• STORED DATA:
* * * * *
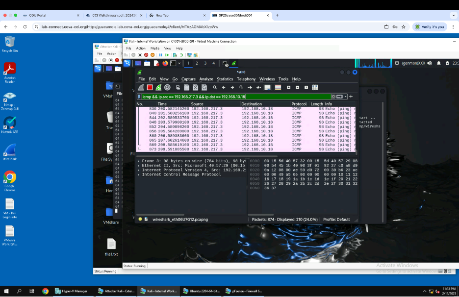 This artifact demonstrates my ability to analyze network traffic and investigate communications between systems. The assignment required using packet-analysis tools such as Wireshark to capture and filter network traffic between multiple virtual machines. By applying specific filters, I was able to isolate ICMP and FTP traffic and observe how data moved across the network.
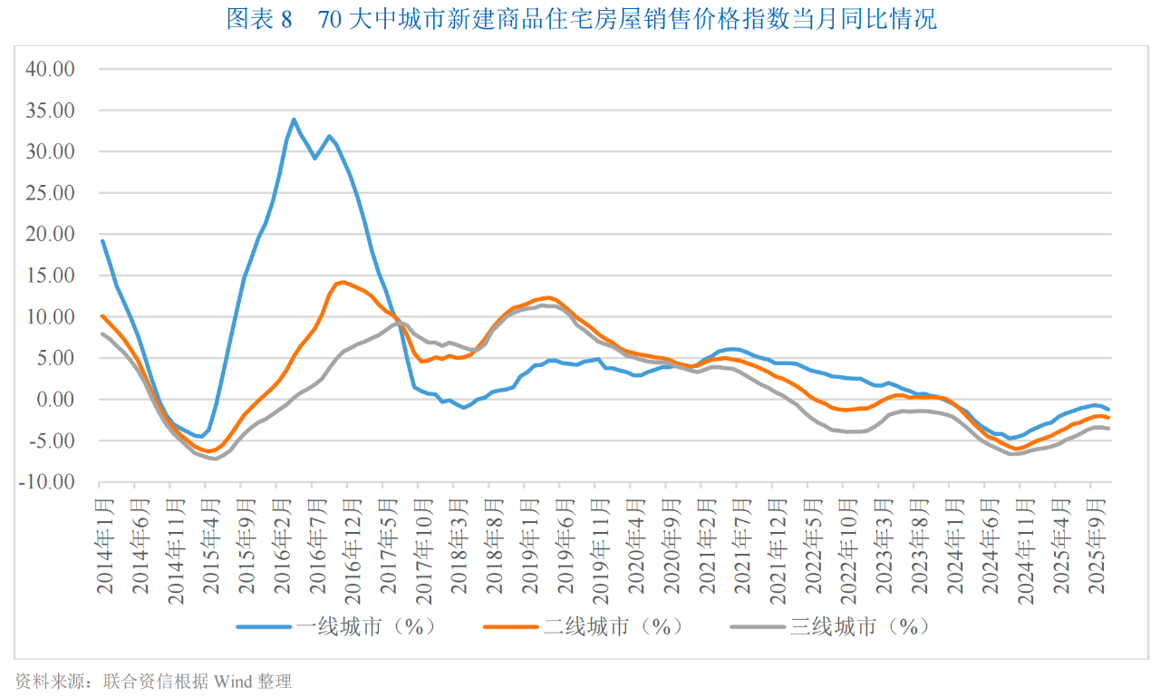 2025年以來,房地產開發經營行業銷售端持續低迷,拖累全國固定資產投資增速轉負,庫存去化周期仍處于高位。房價繼續下降,其中一線城市房價在下半年迎來加速下降。雖外部融資環境維持寬松,但房企融資改善效果有限,在此背景下,房企投資積極性不足,開發投資額繼續收縮。
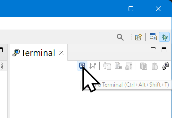 UART通信ターミナル上でキーボード入力操作をするため,Terminalタブ画面内をクリックして前面に出しておいてください.ここで,ブレークしていたプログラムの実行を再開するため(図101),Resumeボタン(図81)を押してください.
* * * * *
• EXERCISE: Repeat the listing word for word, omitting the pictures.

• TASK RESPONSE:
 This artifact demonstrates my ability to analyze network traffic and investigate communications between systems. The assignment required using packet-analysis tools such as Wireshark to capture and filter network traffic between multiple virtual machines. By applying specific filters, I was able to isolate ICMP and FTP traffic and observe how data moved across the network.
 2025年以來,房地產開發經營行業銷售端持續低迷,拖累全國固定資產投資增速轉負,庫存去化周期仍處于高位。房價繼續下降,其中一線城市房價在下半年迎來加速下降。雖外部融資環境維持寬松,但房企融資改善效果有限,在此背景下,房企投資積極性不足,開發投資額繼續收縮。
 UART通信ターミナル上でキーボード入力操作をするため,Terminalタブ画面内をクリックして前面に出しておいてください.ここで,ブレークしていたプログラムの実行を再開するため(図101),Resumeボタン(図81)を押してください.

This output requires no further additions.